HILIC

Welcome to "The Essentials," brought to you by CHROMacademy.com, LCGC's online professional development site for analytical chemists. This new column will deliver key information on topics in separation science. Our inaugural edition considers the increasingly popular chromatographic mode of hydrophilic interaction chromatography. For each topic, an in-depth tutorial will be available for free at www.CHROMacademy.com/essentials for a month following publication.

What Is HILIC?

Hydrophilic interaction chromatography (HILIC) is a chromatographic mode used to exploit differences in analyte polarity. In HILIC, the strong solvent is water, and usually acetonitrile is the weak solvent. The mechanisms of retention include partitioning into an adsorbed water layer at the stationary-phase surface, adsorption, and ion-exchange, in a complex interplay that depends, in some instances, on the eluent pH and buffer ion concentration.

Why Use HILIC?

The mechanism of retention in HILIC is orthogonal to that of reversed-phase high performance liquid chromatography (HPLC), and thus it is especially useful for separating polar and ionizable analytes that show poor retention or tailing under reversed-phase conditions.

In addition, HILIC-mode eluents typically contain organic and aqueous components. This combination helps overcome some challenges of normal-phase eluent systems, including limited polar (and polar biological) analyte solubility, difficulty switching HPLC equipment from reversed-phase to normal-phase modes, and the cost and environmental impact associated with disposal of large volumes of organic solvent.

What Can I Expect?

In simple HILIC mode, the elution pattern resembles the inverse of a reversed-phase separation. As a first approximation of what you expect to see, flip over your reversed-phase chromatogram (Figure 1). HILIC also will show separation of neutral polar analytes that might be coeluted in reversed-phase mode.

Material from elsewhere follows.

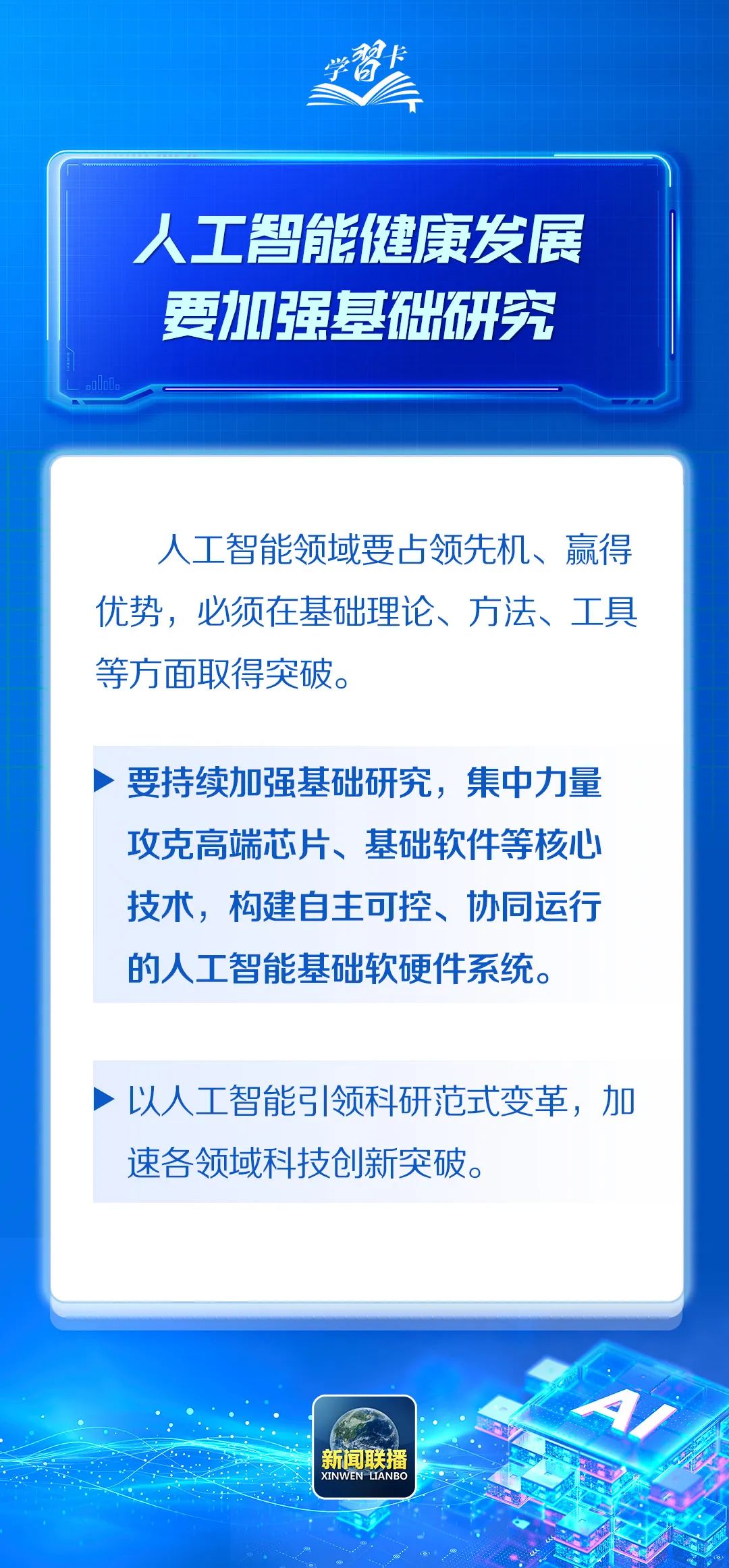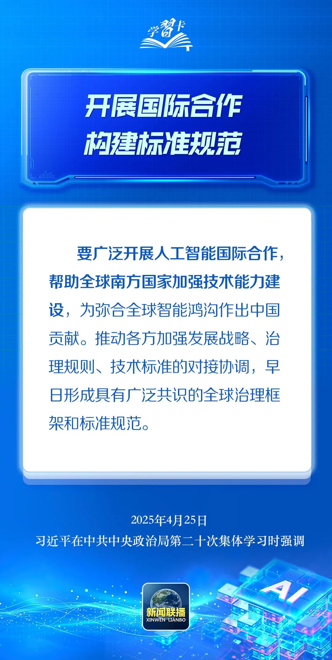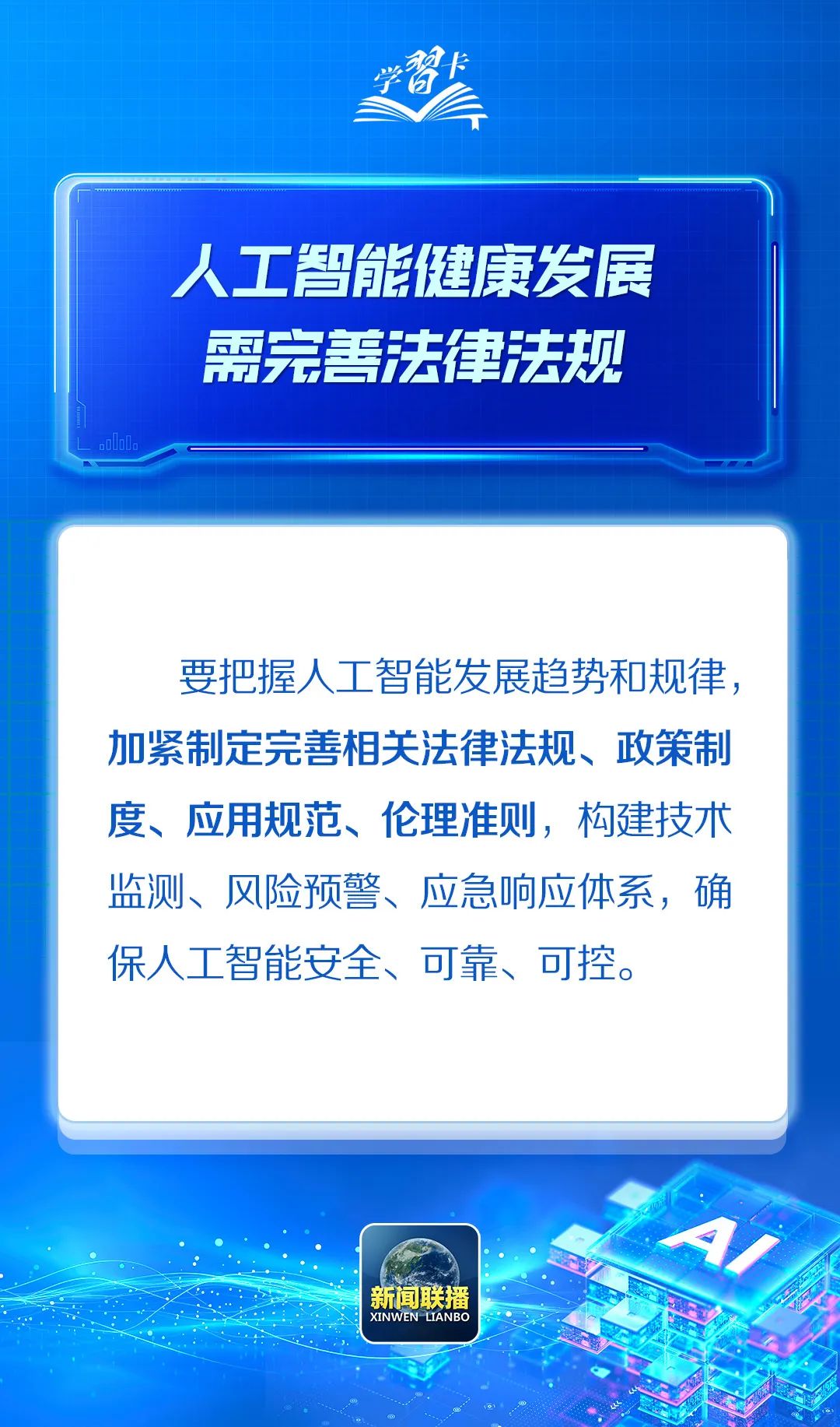 4月25日,中共中央政治局就加強人工智能發(fā)展和監(jiān)管進行第二十次集體學習。習近平總書記在主持學習時強調(diào),堅持自立自強,突出應(yīng)用導(dǎo)向,推動我國人工智能朝著有益、安全、公平方向健康有序發(fā)展。一起學習↓

Figure 1: For the polar ranitidine molecule, retention and response are poor under (a) reversed-phase conditions, but good under (b) typical HILIC conditions. (Reproduced with permission from Agilent Technologies.)

Understanding Retention in HILIC

Any polar stationary phase can be used in HILIC mode. Polarity can come from surface silanol moieties or from a bonded phase's polar groups. Functionalized silicas are extensively used because of their durability and reproducibility. The polar stationary phases can adsorb a "water enriched" layer at the silica surface that is more highly aqueous (hydrophilic) than the general mobile-phase composition. Retention is proportional to the polarity of the analyte and inversely proportional to the polarity of the mobile phase. Because the stationary phase is polar, mobile phases generally comprise a high degree of water-miscible organic solvent with a smaller amount of water (the opposite to reversed-phase HPLC). The difference in polarity between the mobile and stationary phases dictates retention of the generally polar analytes. As the amount of water in the mobile phase is increased, the mobile-phase polarity increases. This facilitates elution of the analyte. Typical HILIC eluent systems contain 70–95% water (1).

Both coulombic (electrostatic) and partitioning mechanisms are important in HILIC. Any electrostatic interaction in HILIC is analogous to aqueous ion-exchange chromatography in which the analyte and "strong solvent" mobile-phase molecules (water in this case), compete for the polar (charged) stationary-phase sites. When buffer ions are included in the eluent, these will also compete for any ionized stationary-phase sites. The partitioning mechanism is a unique feature of HILIC chromatography, and is driven by the relative solubility of the analyte in the mobile phase and the hydrophilic layer of bound water at the stationary-phase surface. Partitioning processes analogous to liquid–liquid extraction occur at the interface of the eluent, and bound water layer and analytes partitioning strongly into the bound layer exhibit increased retention (2). A minimum of 3% water generally is required to obtain a significant and usable hydration layer at the stationary-phase surface (3).

References

(1) D.V. McCalley and U.D. Neue, J. Chromatogr. A 1192, 225–229 (2008).

(2) A.J. Alpert. Anal. Chem. 80, 62–76 (2008).

(3) D.V. McCalley, J. Chromatogr. A 1171, 46–56 (2007).

(4) A.J. Alpert et al., Anal. Chem. 82, 5253–5259 (2010).